Хотя должно быть признано, что это проповедь, это проповедь в самом лучшем стиле. В том же самом натурализме, который со временем последовательно развился в чистый гуманизм и восстание против конвенции, сначала была склонность к увещеванию и евангельскому благочестию. Он искал простосердечных, бедных, подлых в глазах мира — ибо это была Евангельская мораль. Он отвергал высококультурных и выбирал своими героями рыбаков и крестьян — в этом также следуя Евангельскому примеру. Отсюда то, что у нас есть у Вордсворта совершенно последовательное поклонение природе вместе с увещевательным и евангельски гомилетическим элементом, который находит такое расположение в Англии. И даже его чисто дидактические стихотворения не следует без разбора отвергать. Часто есть своеобразное величие в манере, в которой простой урок подкрепляется. Есть, например, реальное величие в отрывке в «Лаодамии», в котором внушается скорбящей жене, что вместо того, чтобы жаждать возвращения своего мужа, она должна отречься от своего желания и очистить себя через свою любовь, чтобы наслаждаться другой, более благородной, более духовной жизнью:
«Учись через смертное стремление подняться / К более высокому объекту. — Любовь была дана, / Поощрялась, санкционировалась, главным образом для этой цели: / Для этого страсть до излишества была доведена — / Чтобы «я» могло быть аннулировано».
Даже абстрактная «Ода долгу», которая вдохновлена энтузиазмом природы кантовской, содержит пару великолепных строк, которые столь же противоречат разуму, как один из возвышенных парадоксов Отцов Церкви.

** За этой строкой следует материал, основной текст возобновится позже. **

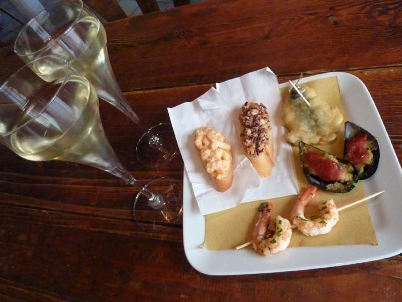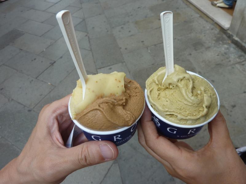 駅から10分ほど歩くと昨日の夜行ったCANTINONのあたり、そしてこの近くにそのバーカロがある。とりあえず中に入ってみよう。カウンターの上にはいろいろとおつまみ系が並んでいるぞ。立ち飲みもできるが奥のテーブルでもOKなので、テーブル席にしましょうか。イタリア語の実践ということで、さーちゃんに買ってきてもらおう。少し発泡系のワインがすっきりとおいしい。あとはエビやムール貝、イワシのフリットなど。こういうちょっとしたおかずをつまみにワインをいただくのもいいね。どれもワインによく合うので、食が進みます。つまみはおかわりということで、マグロのフリットやオムレツなどをゲット。こちらもどれもおいしいが、タマネギのオープンサンドを食べてみるとこれがみごとのゴルゴンゾーラ。かなり強い風味で、さーちゃんほんの一口で撃沈。さすがにこれでベネチアを締めるわけにはいかないので、お店を出る(@20ユーロ)。最後にジェラートをいただきましょうか。バーカロを出て、一昨日も行った GROMへ。今日は妙に人が並んでいるぞ。さて、最後なので一人1個、さらにさーちゃんはピスタチオ尽くし、そしてもう一つはカフェとイチジクにしてみました。今回のピスタチオは前回のようにチョコに負けることもなく、さーちゃんご機嫌に完食。カフェは結構ビターだが、イチジクの濃いめの甘みとでちょうどいい感じ(@2.5ユーロ)。 | ||||||

Именно к Долгу взывает поэт:
«Ты сохраняешь Звезды от зла; / И самые древние Небеса, через тебя, свежи и сильны».
От всех стихотворений этого вида, однако, читатель быстро вернется к специальности Вордсворта, его идиллиям.
Бросим еще один взгляд на них и на теорию, которую их автор намеревался проиллюстрировать. Совершенно очевидно, что Вордсворт придавал изображению сельской жизни больше поэтического значения, чем она того заслуживает. Его окружение способствовало возникновению этой теоретической переоценки. Возможность сделать героями пастухов-фермеров Камберленда и Уэстморленда объяснялась тем, что эти люди (которые, хотя и были достаточно независимы, чтобы не работать на других, все же были вынуждены вести трудолюбивый, экономный и простой образ жизни) обладали подлинными поэтическими качествами. Теория о том, что сельская жизнь сама по себе облагораживает и возвышает, — это суеверие; она с таким же успехом может притуплять и огрублять. Кольридж, например, отмечал, что если сравнить то, как законы о бедных применялись в Ливерпуле, Манчестере и Бристоле, с тем, как помощь распределялась в сельской местности, результат будет явно в пользу городов.